§ **Task statement**: Please reproduce all the records exactly while leaving out their pictures.

=== Section Start ===

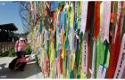 民众在朝鲜与韩国之间的隔离网挂上祈愿统一的缎带韩国首尔总教区在该国庆祝光复71周年之际,举办了「2016年和平之风」活动,邀请战乱国家的
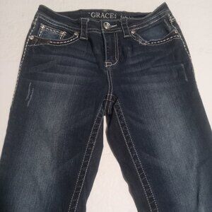 Grace In LA Women's Easy Fit Embellished Sequined Jeans Size 27
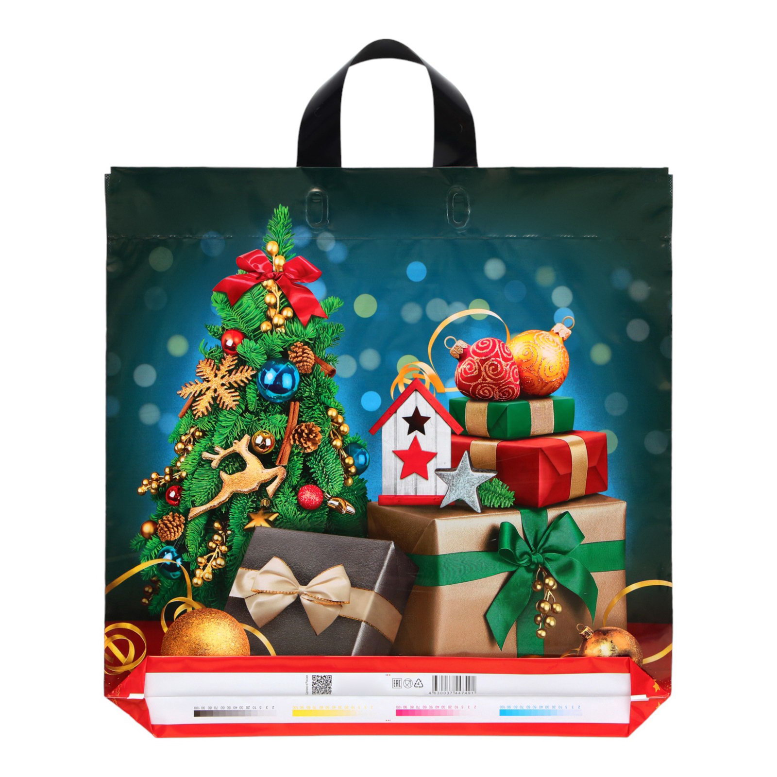 Пакет новогодний "Подарочный бум", полиэтиленовый с петлевой ручкой, 44x44 см, Россия
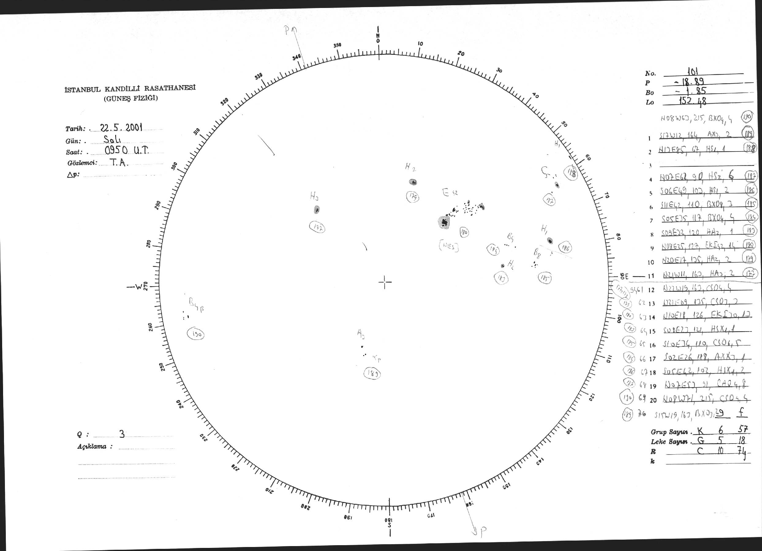 Güneş Lekesi Çizimi - 22.05.2001
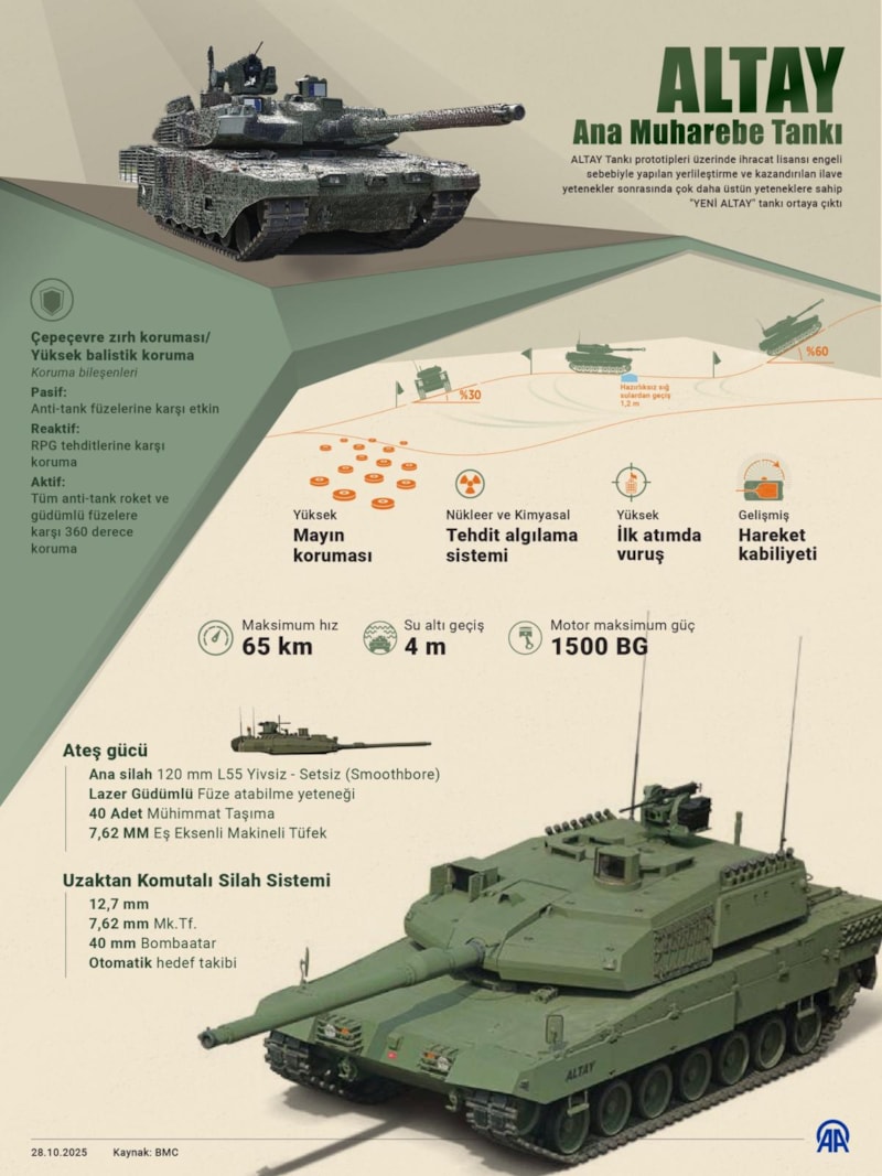 ALTAY Tankı prototipleri üzerinde ihracat lisansı engeli sebebiyle yapılan yerlileştirme ve kazandırılan ilave yetenekler sonrasında çok daha üstün yeteneklere sahip 'YENİ ALTAY' tankı ortaya çıktı.
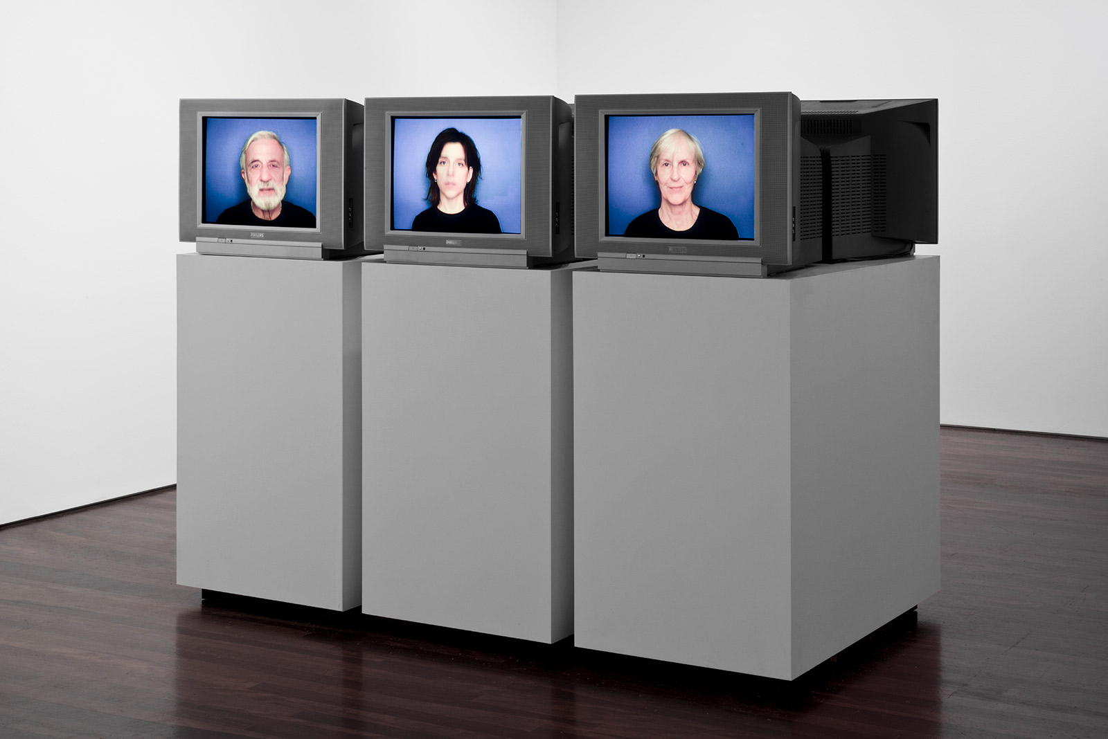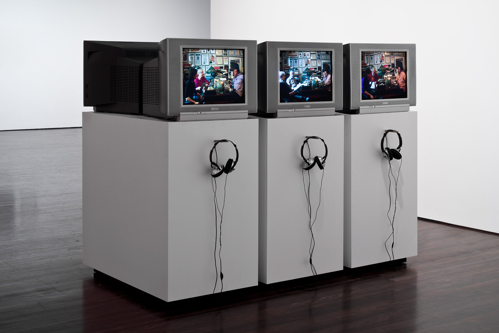 Accent Elimination, 2005. Six-channel video with sound, six televisions, three pedestals, dimensions variable.

=== Section End ===

§ **Problem solution**:
 民众在朝鲜与韩国之间的隔离网挂上祈愿统一的缎带韩国首尔总教区在该国庆祝光复71周年之际,举办了「2016年和平之风」活动,邀请战乱国家的
 Grace In LA Women's Easy Fit Embellished Sequined Jeans Size 27
 Пакет новогодний "Подарочный бум", полиэтиленовый с петлевой ручкой, 44x44 см, Россия
 Güneş Lekesi Çizimi - 22.05.2001
 ALTAY Tankı prototipleri üzerinde ihracat lisansı engeli sebebiyle yapılan yerlileştirme ve kazandırılan ilave yetenekler sonrasında çok daha üstün yeteneklere sahip 'YENİ ALTAY' tankı ortaya çıktı.
 Accent Elimination, 2005. Six-channel video with sound, six televisions, three pedestals, dimensions variable.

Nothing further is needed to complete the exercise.